Ant Financial, the fintech arm of Alibaba (BABA: NYSE), has made a new move in Europe. The company announced it’s taking a minority stake in Swedish payments platform Klarna, which is so far Europe’s largest fintech company valued at USD 5.5 billion as of August 2019. 

According to Reuters, Ant Financial’s investment amounted to a stake of less than 1% and was made up of existing and new shares. Before this investment, the two parties had already been collaborating via Alibaba’s global e-commerce marketplace, AliExpress, which offers Klarna’s ‘buy now, pay later’ option in multiple markets.

Founded in 2005, Klarna is a Stockholm-based fintech company that provides online financial services such as payment solutions for online storefronts, direct payments, post-purchase payments and more. The most well-accepted service is the ‘buy now, pay later’ option, which allows customers to complete online shopping in a few simple clicks. For returning users, Klarna even provides up to two weeks to complete payment after the goods have arrived.

Klarna generates revenue mainly via two approaches – charging transaction fees from retailers and charging interest on customers via the installment plans it offers for their online purchases.

Currently, Klarna is cooperating with over 190,000 online retailers across 14 countries, processing an average of 1 million transactions per day. Its global sales volume rose 36% in 2018, according to Investopedia.

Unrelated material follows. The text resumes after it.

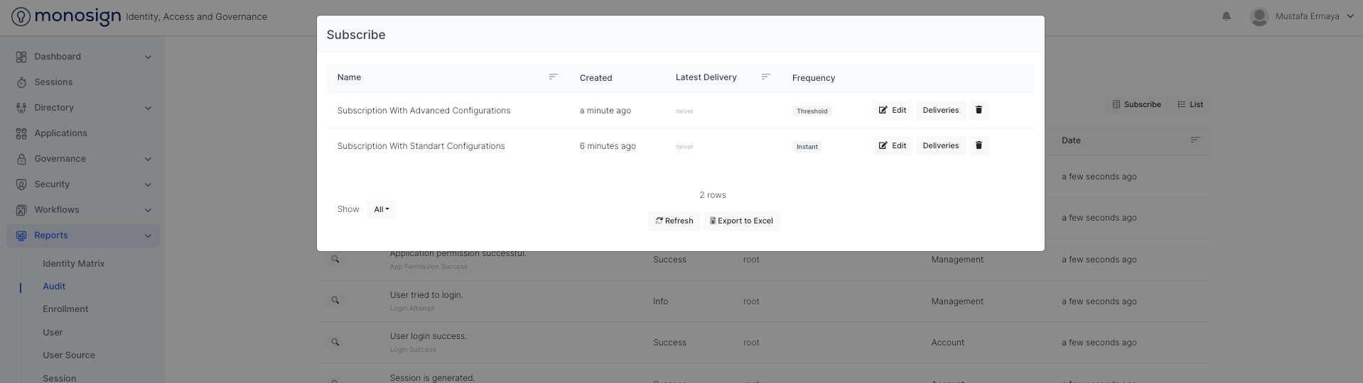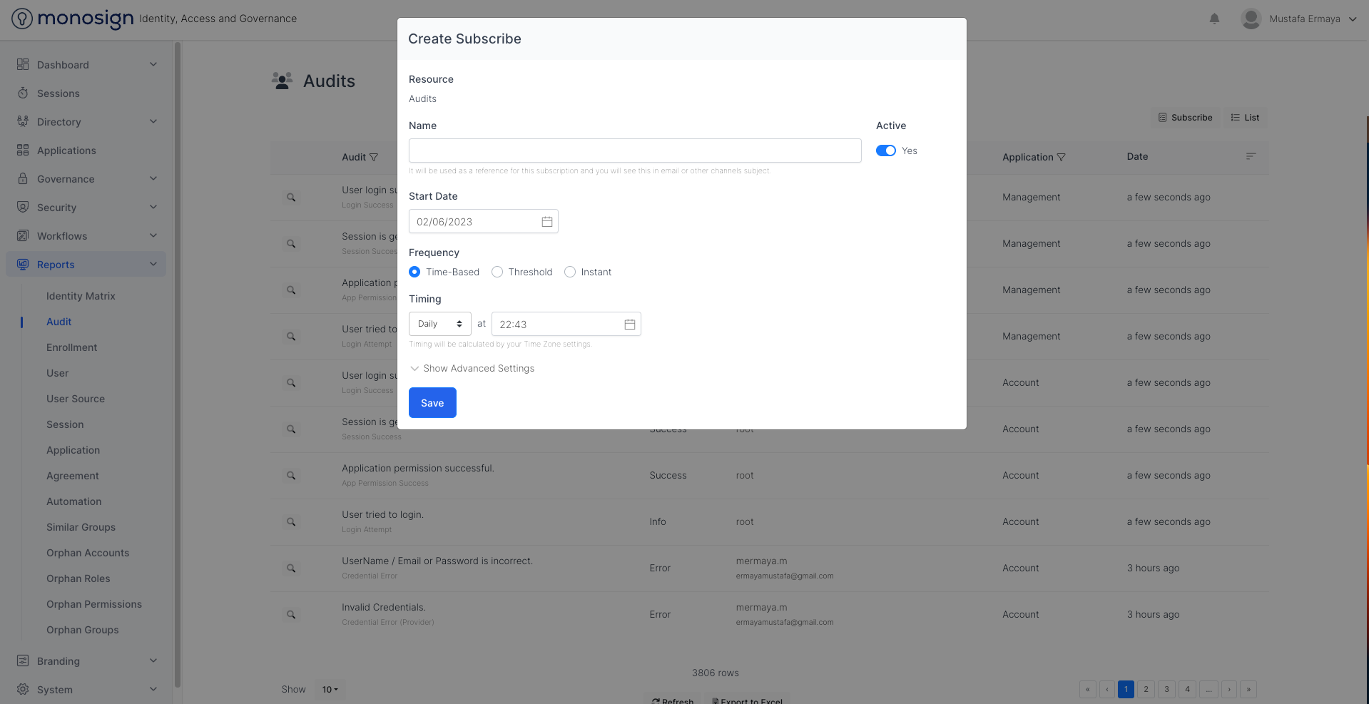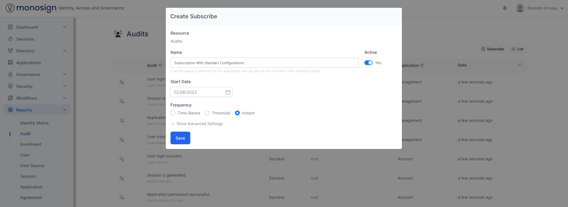 To subscribe to Audits, Navigate to Reports > Audit and click the “Subscribe“ button. Please fill all the configuration fields as shown based on your scenario.
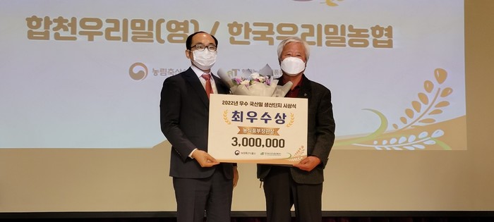 이번 선발대회는 전국 국산 밀 생산 단지 51개소를 대상으로 공동영농(조직화), 규모화(재배면적, 생산량), 품질관리, 경영안정 등을 평가하여 △단지 조직화・규모화 △재배관리 등을 통한 품질 제고 △판로 확대를 통한 경영안정 등 3개 부문으로 우수 단지를 선정했으며, 합천우리밀영농조합법인(대표 김석호)은 서면평가 및 현장평가를 통해 생산량 전량을 민간 판매로 유통하는 등의 판로 확대 부문에서 심사위원들의 높은 평가를 받아 최우수상의 영예를 안았다.

Prior to this deal, Ant Financial inked the roughly USD 700 million acquisition of WorldFirst, the UK payments company, in February 2019 – together these mark the biggest overseas deals of Ant Financial.

To facilitate the deal, WorldFirst shut down its subsidiary in the United States to avoid CFIUS scrutiny. Ant Financial seems to have stopped looking to make a capital investment in any American company after the governmental committee on foreign investments declined its investment in Moneygram, another payment service provider.

However, in an attempt to expand to western markets and boost its presence globally, the Chinese juggernaut has become more prudent. So has its competitor Tencent, who joined German online banking company N26’s Series C round of funding in 2018.